The MGII scale was cross-culturally validated in a cohort of 99 Dutch MG patients. ΔMGIIgen had a significantly higher sensitivity for changes in generalized weakness than ΔMG-ADLgen. Similarly to the findings of Barnet et al., the MGIIgen subscore was significantly higher in generalized patients compared to oculobulbar patients. In contrast, MG-ADLgen was not capable of differentiating oculobulbar from generalized patients.

The correlation of MGII to both other MG-specific measures and non-specific measures were all within the range (r = 0.6–0.8 and r = 0.4–0.7, respectively) as hypothesized by the developers of the MGII. Only the MG-ADL was slightly above the hypothesized range (0.83), which also was the case in the previous study of Barnett et al.
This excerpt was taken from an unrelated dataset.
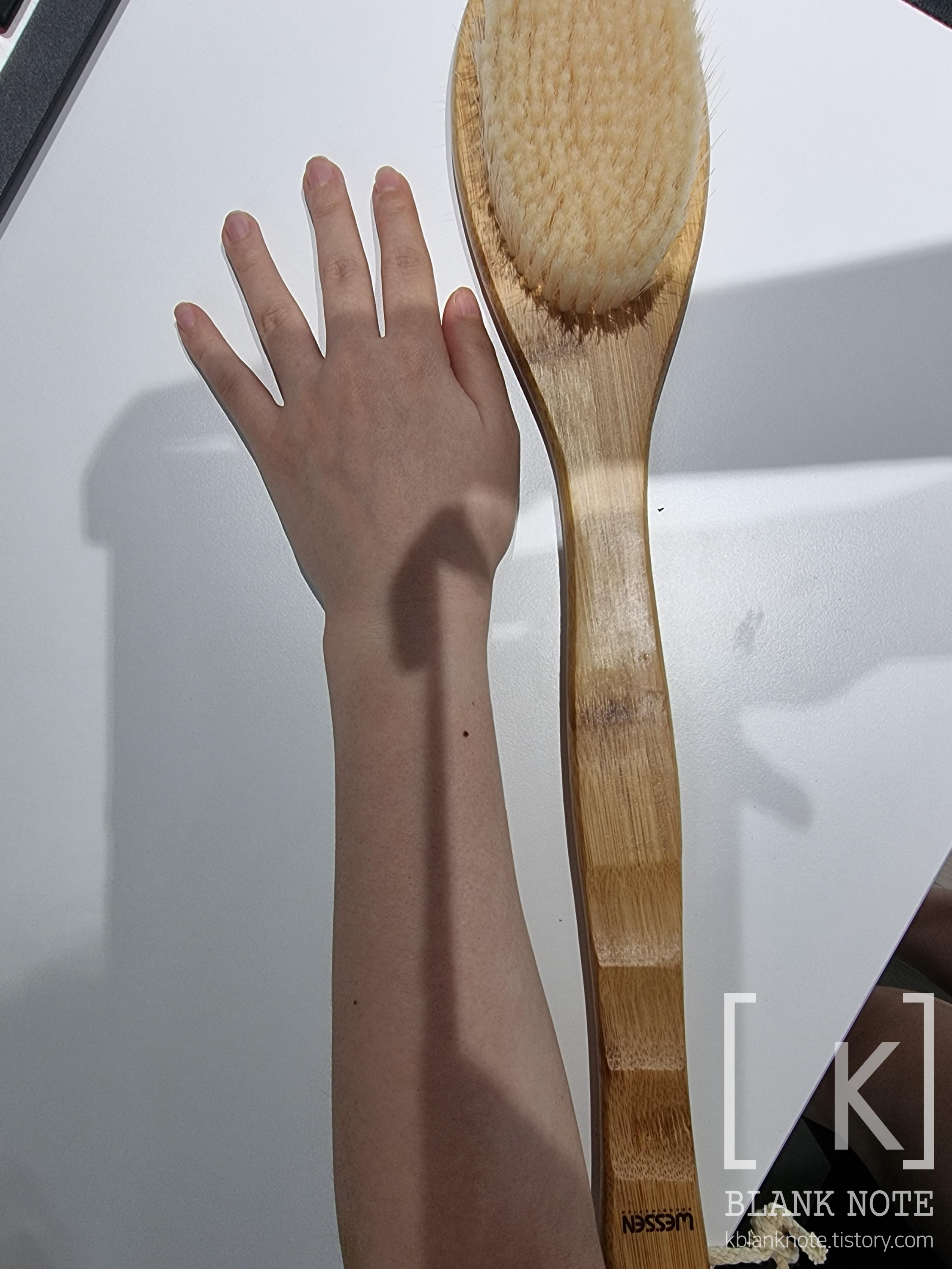 1. 가벼운 (준)데일리 각질 제거 목적에 부합하다. 피부 강도에 따라 다르겠지만 나는 피부가 예민하진 않지만 약한 편이어서, 초보용 브러쉬라는 뱀부 소프트가 잘 맞았다. 손으로 쓸어봤을땐 상당히 부드러웠는데, 막상 바디샴푸 묻혀서 몸에 문질렀을때는 또 그렇게 부드럽다 느껴지진 않았다. 다 씻고 나서 피부 만져보니 어느정도 각질 제거된건 맞는듯 싶었다.

The floor effects found in this study and in that of Barnett et al. were (almost) identical for MGII (4% and 5%, respectively) and for MGC (16% in both studies). The floor effect of MG-ADL found in our study was lower (11%) than that found in the study of Barnet et al. (22%). Nonetheless, the floor effect of MGII was shown to be clearly lower than that of MG-ADL.

Limitations of this study include the single center of inclusion and our study population within a tertiary referral center that may not fully reflect the total MG population due to a referral bias. Moreover, it might be argued that QMGgen is not a ‘gold standard’ regarding changes in objective generalized muscle weakness. In this study, we chose to use QMGgen as reference for generalized weakness as the QMG score is the best-known structured way of quantifying muscle weakness in MG and has a high focus on generalized weakness (8 out of 13 items).
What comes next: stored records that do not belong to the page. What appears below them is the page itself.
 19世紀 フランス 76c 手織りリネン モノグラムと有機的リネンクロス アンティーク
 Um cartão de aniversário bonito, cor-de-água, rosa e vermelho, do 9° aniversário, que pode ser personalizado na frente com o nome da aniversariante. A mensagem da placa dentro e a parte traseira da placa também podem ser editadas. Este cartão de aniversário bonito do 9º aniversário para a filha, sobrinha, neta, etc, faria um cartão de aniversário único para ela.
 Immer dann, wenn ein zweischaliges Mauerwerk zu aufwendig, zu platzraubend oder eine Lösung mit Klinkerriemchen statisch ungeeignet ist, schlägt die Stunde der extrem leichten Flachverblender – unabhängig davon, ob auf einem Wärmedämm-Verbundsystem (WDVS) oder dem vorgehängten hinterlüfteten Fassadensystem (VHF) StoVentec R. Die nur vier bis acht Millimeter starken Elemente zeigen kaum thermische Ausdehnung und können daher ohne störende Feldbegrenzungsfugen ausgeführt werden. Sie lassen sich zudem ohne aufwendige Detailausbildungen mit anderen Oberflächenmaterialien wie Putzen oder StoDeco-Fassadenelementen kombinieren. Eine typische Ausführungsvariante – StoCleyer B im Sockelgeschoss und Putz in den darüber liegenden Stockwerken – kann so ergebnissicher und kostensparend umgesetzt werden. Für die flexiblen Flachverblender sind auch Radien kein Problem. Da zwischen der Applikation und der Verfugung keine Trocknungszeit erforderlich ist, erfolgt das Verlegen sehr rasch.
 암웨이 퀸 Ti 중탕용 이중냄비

Weakness in MG is not ‘unidimensional’ and muscle groups do not respond equally to different therapies. Outcome measures should therefore be sensitive to changes in both oculobulbar and generalized weakness. This study has shown that in addition to the high construct validity of the MGII in general, this outcome measure is more sensitive to changes in generalized weakness than the MG-ADL. We recommend including MGII in future clinical trials.

DISCLOSURE OF CONFLICT OF INTEREST

Dr. Barnett is the primary developer of the MGII. She has received grant support from Octapharma and Grifols. She also has acted as consultant for UCB, Alexion and Akcea.

All other authors have no conflicts of interest to declare.